* **EXERCISE INSTRUCTIONS**: No pictures in the copy. Write out the listing below exactly.

* **DATA BELOW**:
····················

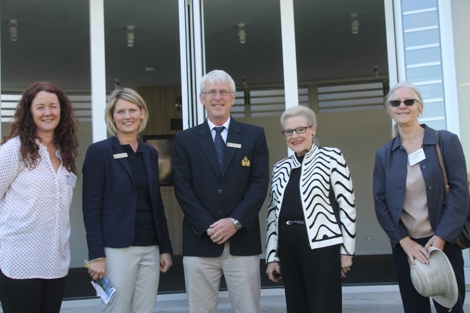 Deputy Mayor of Pittwater, Cr. Kylie Ferguson, General Manager of RPAYC Suzanne Davies, Commodore Ian Audseley, the Honourable Bronwyn Bishop, Cr. Sue Young of Pittwater Council outside the new Jack Gale Centre
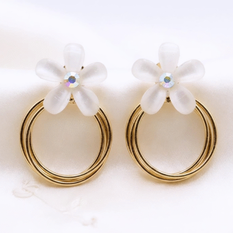 Divine iridescent rhinestone, five-petal flower earrings
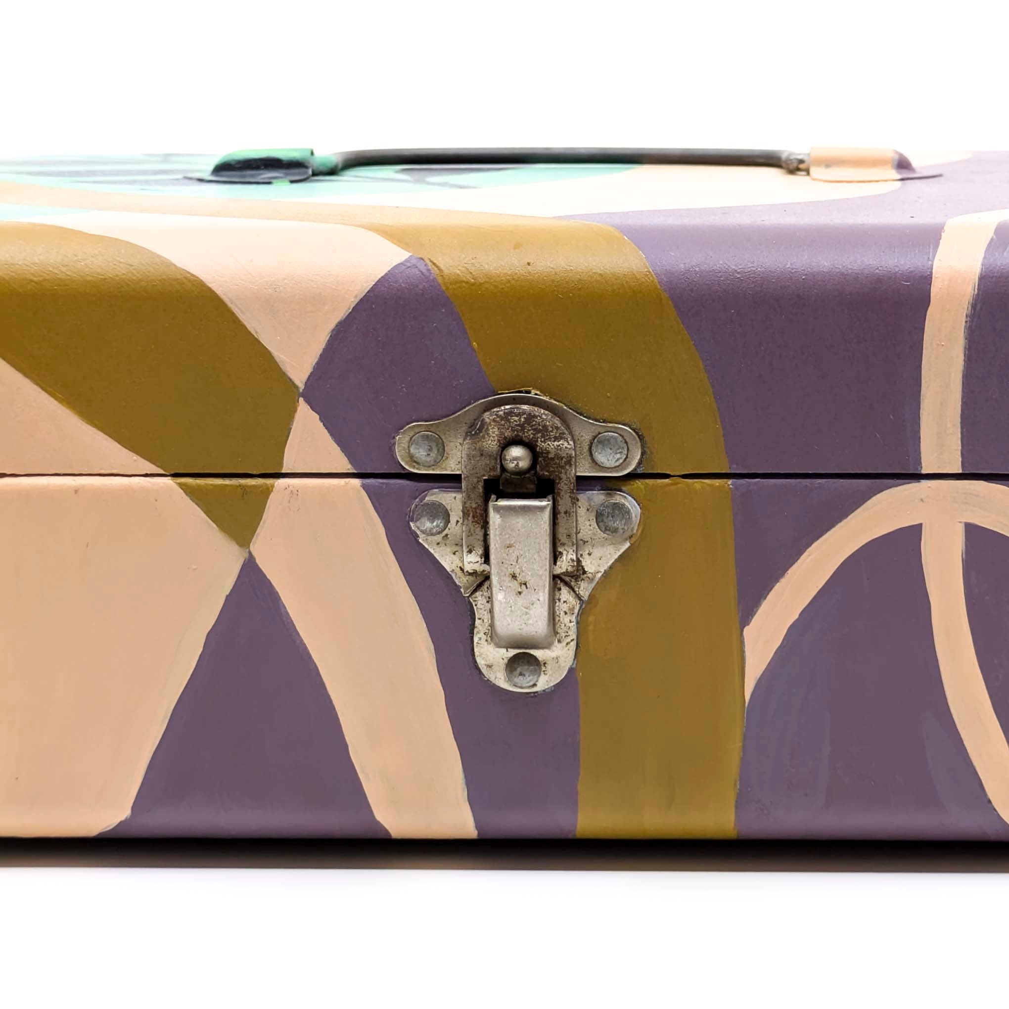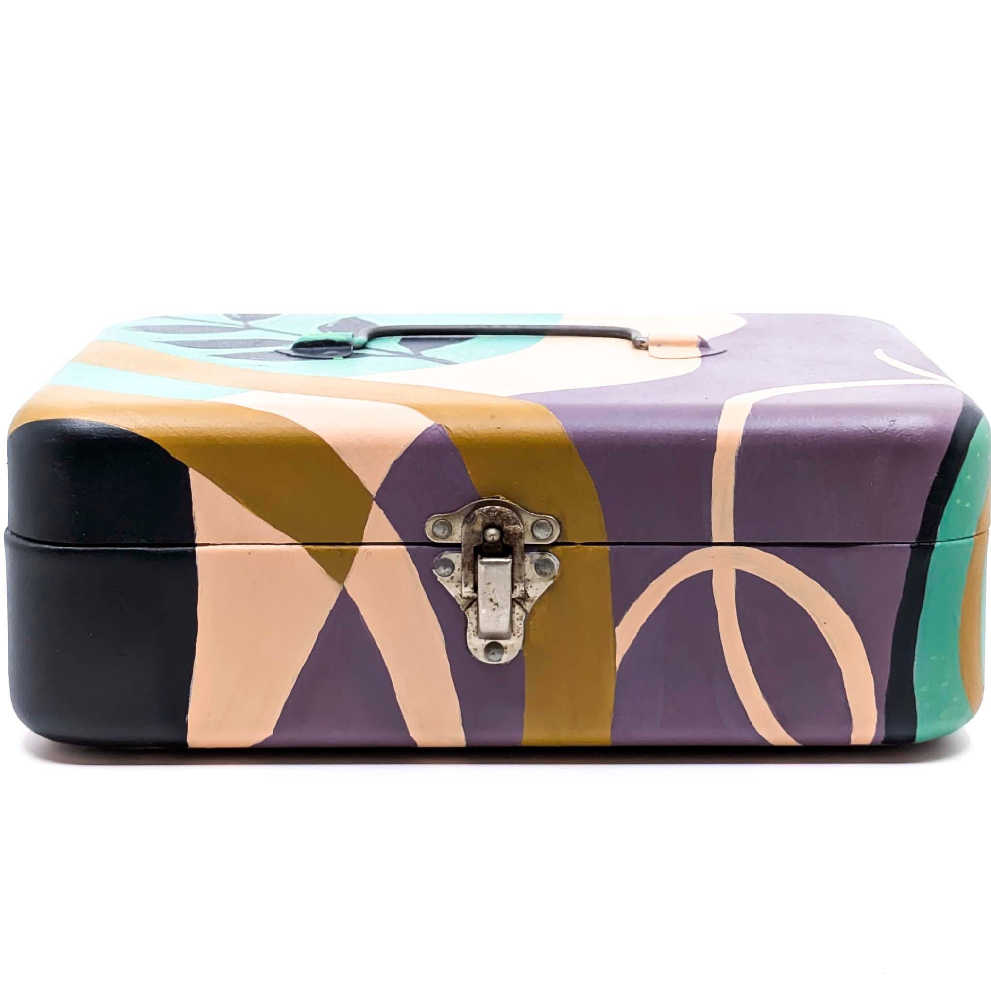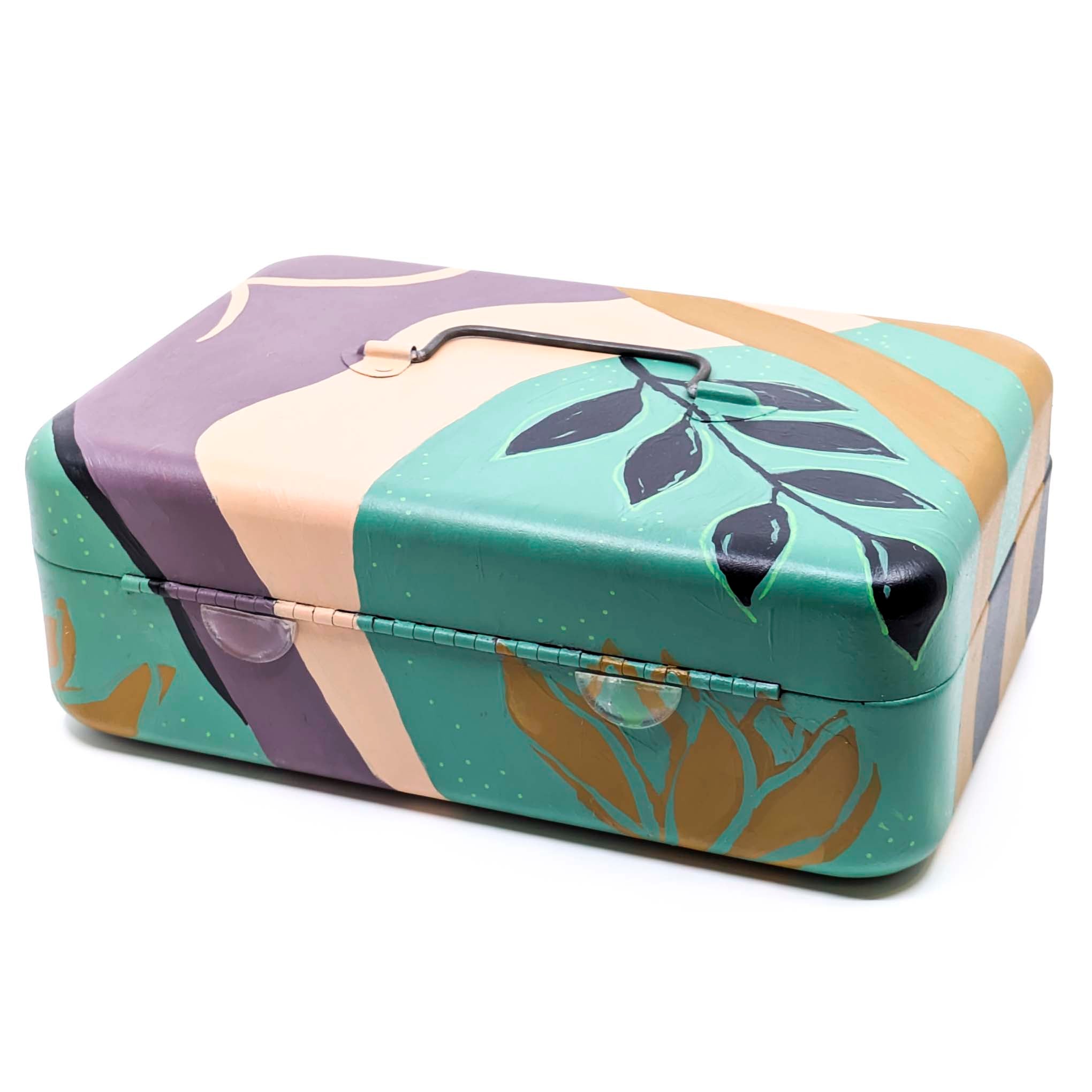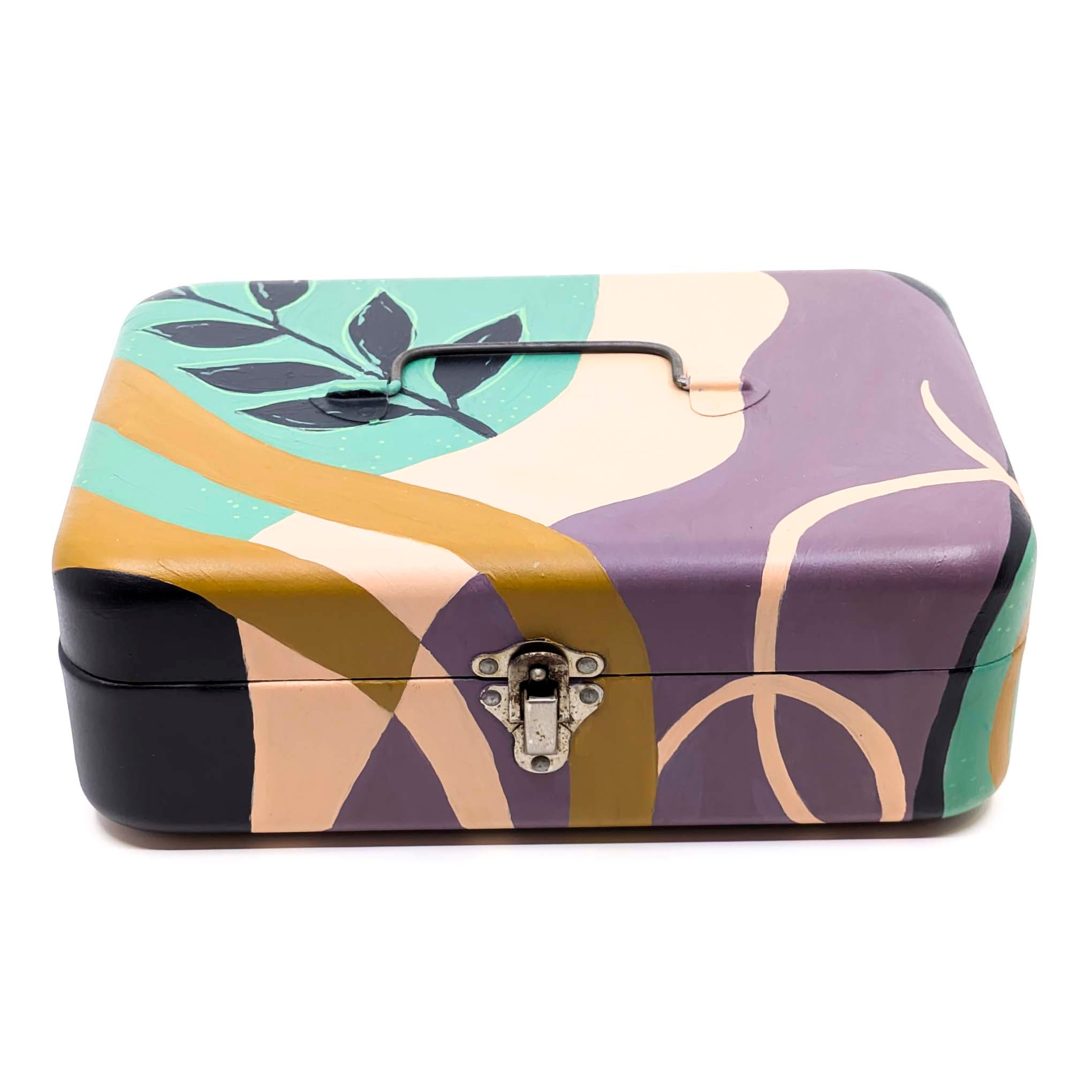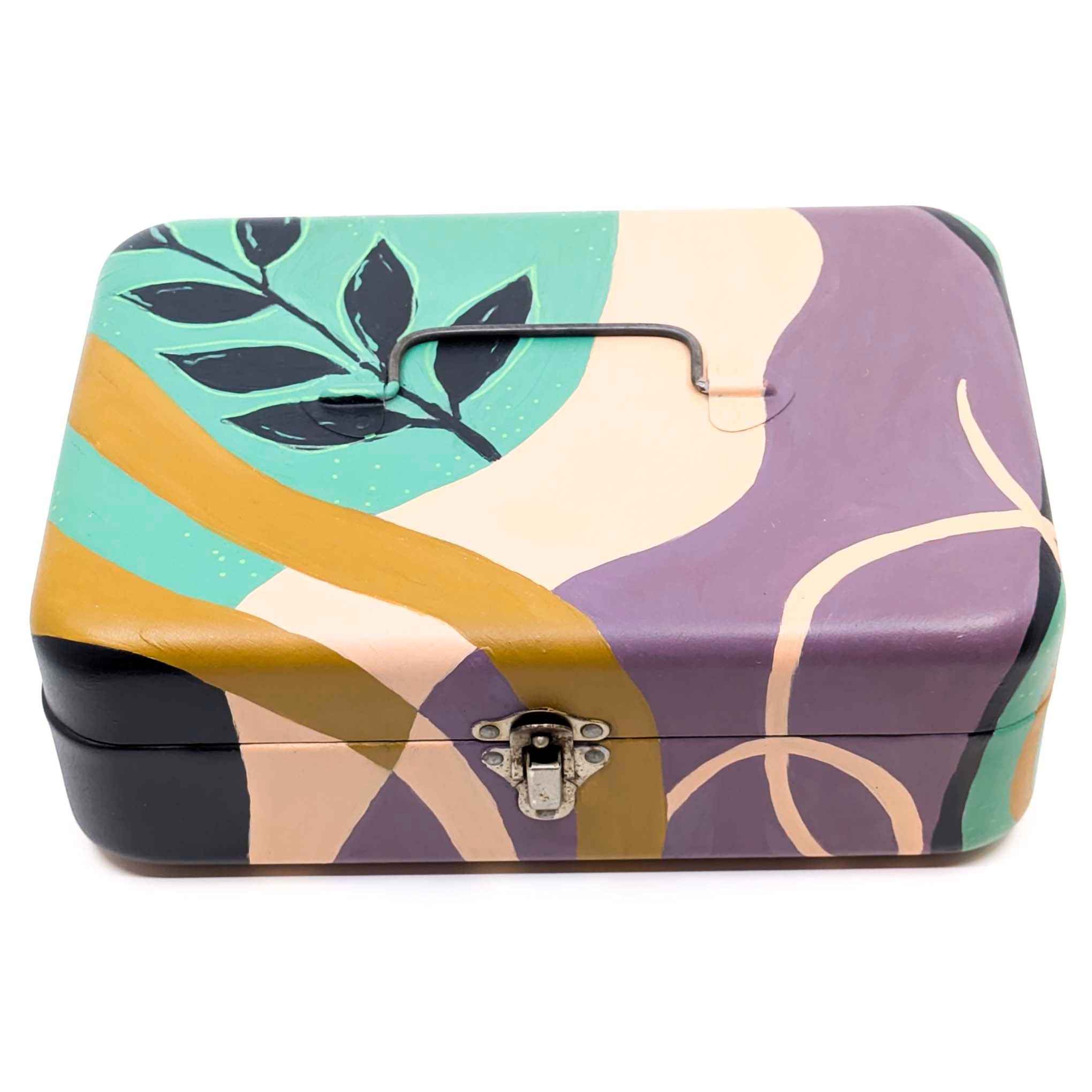 This is a hand painted metal box by North Carolina artist Bethany Hadden.

····················

* **TASK ANSWER**:
 Deputy Mayor of Pittwater, Cr. Kylie Ferguson, General Manager of RPAYC Suzanne Davies, Commodore Ian Audseley, the Honourable Bronwyn Bishop, Cr. Sue Young of Pittwater Council outside the new Jack Gale Centre
 Divine iridescent rhinestone, five-petal flower earrings
 This is a hand painted metal box by North Carolina artist Bethany Hadden.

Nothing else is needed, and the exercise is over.